Sutent was more effective than placebo in GIST. Patients treated with Sutent lived on average 27.3 weeks without the disease getting worse compared to 6.4 weeks for placebo-treated patients. Intermediate results (calculated before the end of the study) were good enough to interrupt the study in advance and so that patients treated with placebo would switch to Sutent treatment.
In RCC, patients treated with Sutent lived an average of 47.3 weeks without the disease getting worse compared to 22.0 weeks for patients treated with interferon alfa.
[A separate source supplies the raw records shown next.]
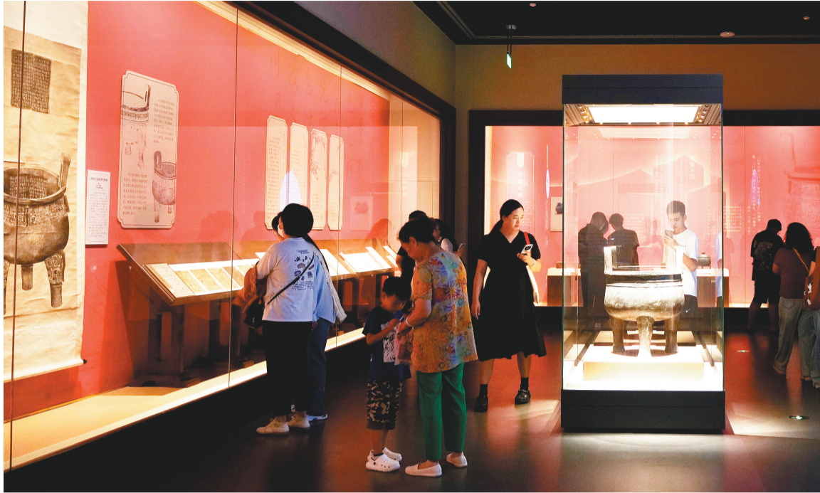
馆藏资源丰富的辽博每次推出新展,都会受到观众的热烈追捧。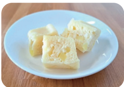
手作りおやつ「おからの蒸しパン」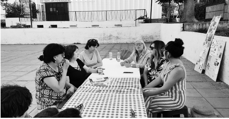
Santa Adela Histórico en la mesa comunitaria realizada el sábado 23 de Marzo en Plaza Mayor de Villa Santa Adela.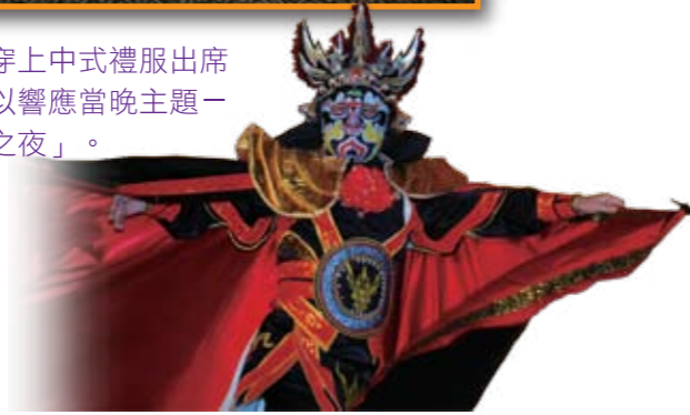
■ 變面大師韋師傅技藝超群，贏得台下如雷掌聲。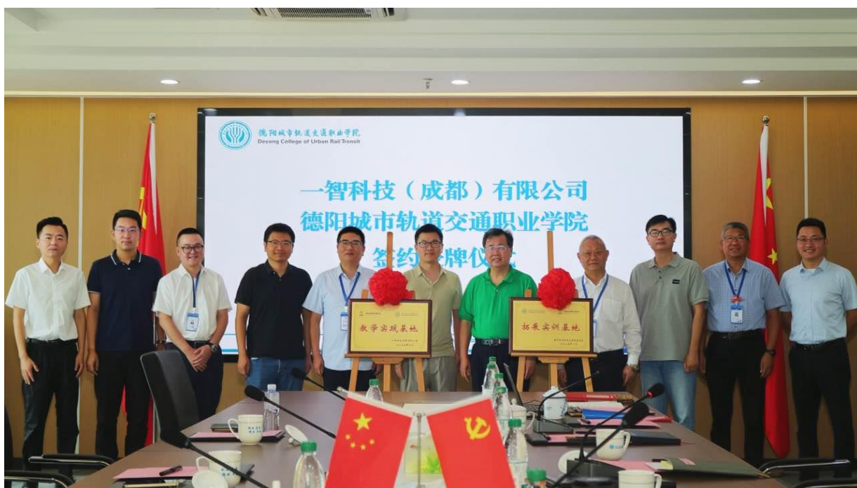
图 8-1 与一智科技（成都）有限公司举行战略合作协议签约暨授牌仪式

一系列创新实践不仅丰富了产教融合的内涵与形式，更显著提升了学校的人才培养质量与社会服务能力，得到了合作企业与行业主管部门的高度认可。未来，学校将持续深化产教融合体制机制改革，进一步强化校企协同在人才培养、技术研发与社会服务中的核心作用，不断拓展合作广度、挖掘合作深度、提升合作效度。通过完善校企协同育人长效机制、共建产业学院、联合开展技术攻关等举措，持续优化人才培养体系，着力培养更多适应产业发展需求的高素质技术技能人才，为区域经济高质量发展提供更加坚实的人才支撑与智力保障。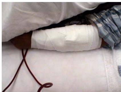
包帯① 針にテープを1回巻きつけてからクロス状に固定し、そのテープの上を太いテープにて固定し包帯固定する。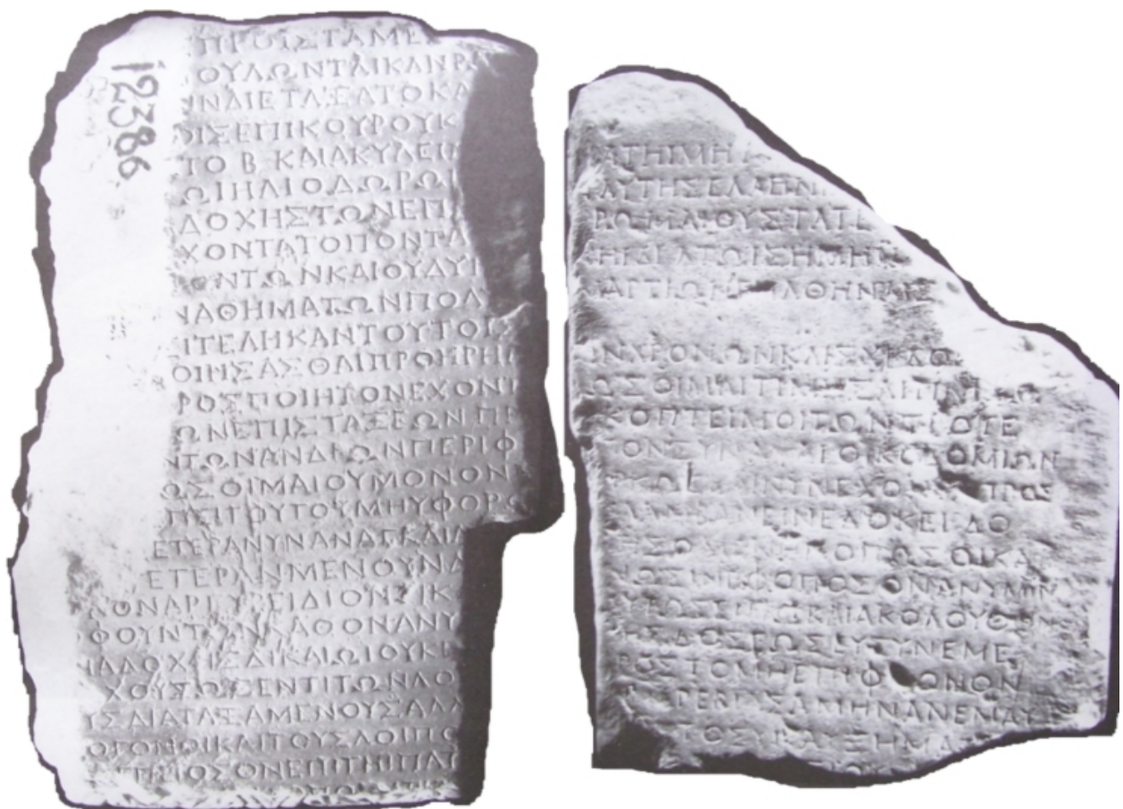
Η ΕΠΙΓΡΑΦΗ του 125μ.χ.χ.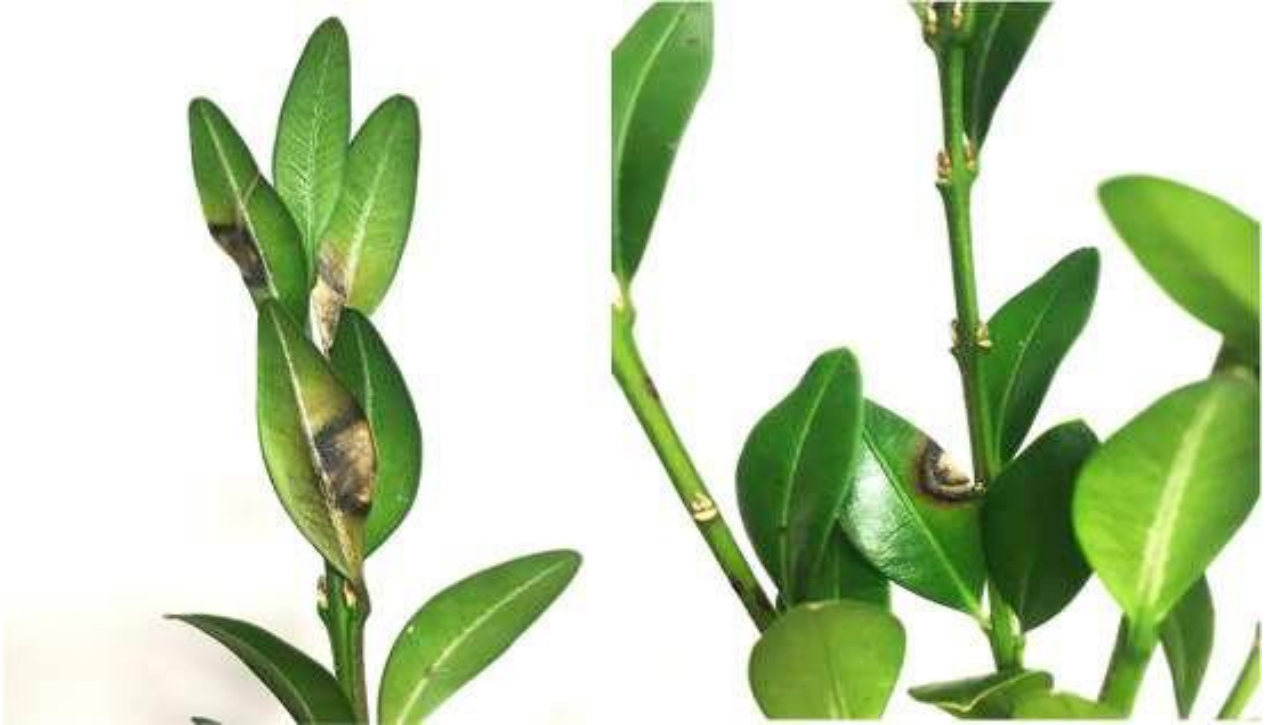
Figuras 1 y 2. Manchas del fuego bacteriano del boj en hojas.

What is the risk associated with Sutent?
The most common side effects of Sutent (seen in over 20% of patients) are fatigue, gastrointestinal disorders (such as diarrhea, nausea, inflammation of the epithelial lining of the mouth, indigestion and vomiting), skin discoloration, dysgeusia (alteration of the faculty of taste) and lack of appetite. For the full list of all side effects reported with Sutent, see the Package Leaflet.
Sutent should not be used in people who are hypersensitive (allergic) to sunitinib or any of the other substances.
Why was Sutent approved?
The Committee for Medicinal Products for Human Use (CHMP) decided that Sutent's benefits are greater than its risks for the treatment of inoperable and / or metastatic malignant GIST after failure of imatinib mesylate therapy due to resistance or intolerance and for metastatic RCC treatment. The Committee recommended that Sutent be given marketing authorization.
Sutent first obtained a "conditional approval". This means that other evidence should have been provided on the medicine, in particular regarding the treatment of renal cell carcinoma. Since the pharmaceutical company provided the necessary complementary information, on 11 January 2007 the authorization was changed from "conditioned" to "normal" .
More information on Sutent:
On 19 July 2006, the European Commission granted a marketing authorization valid for Sutent, which is valid throughout the European Union, to Pfizer Ltd.
For the full EPENT of Sutent, click here.
Last update of this summary: 04-2009.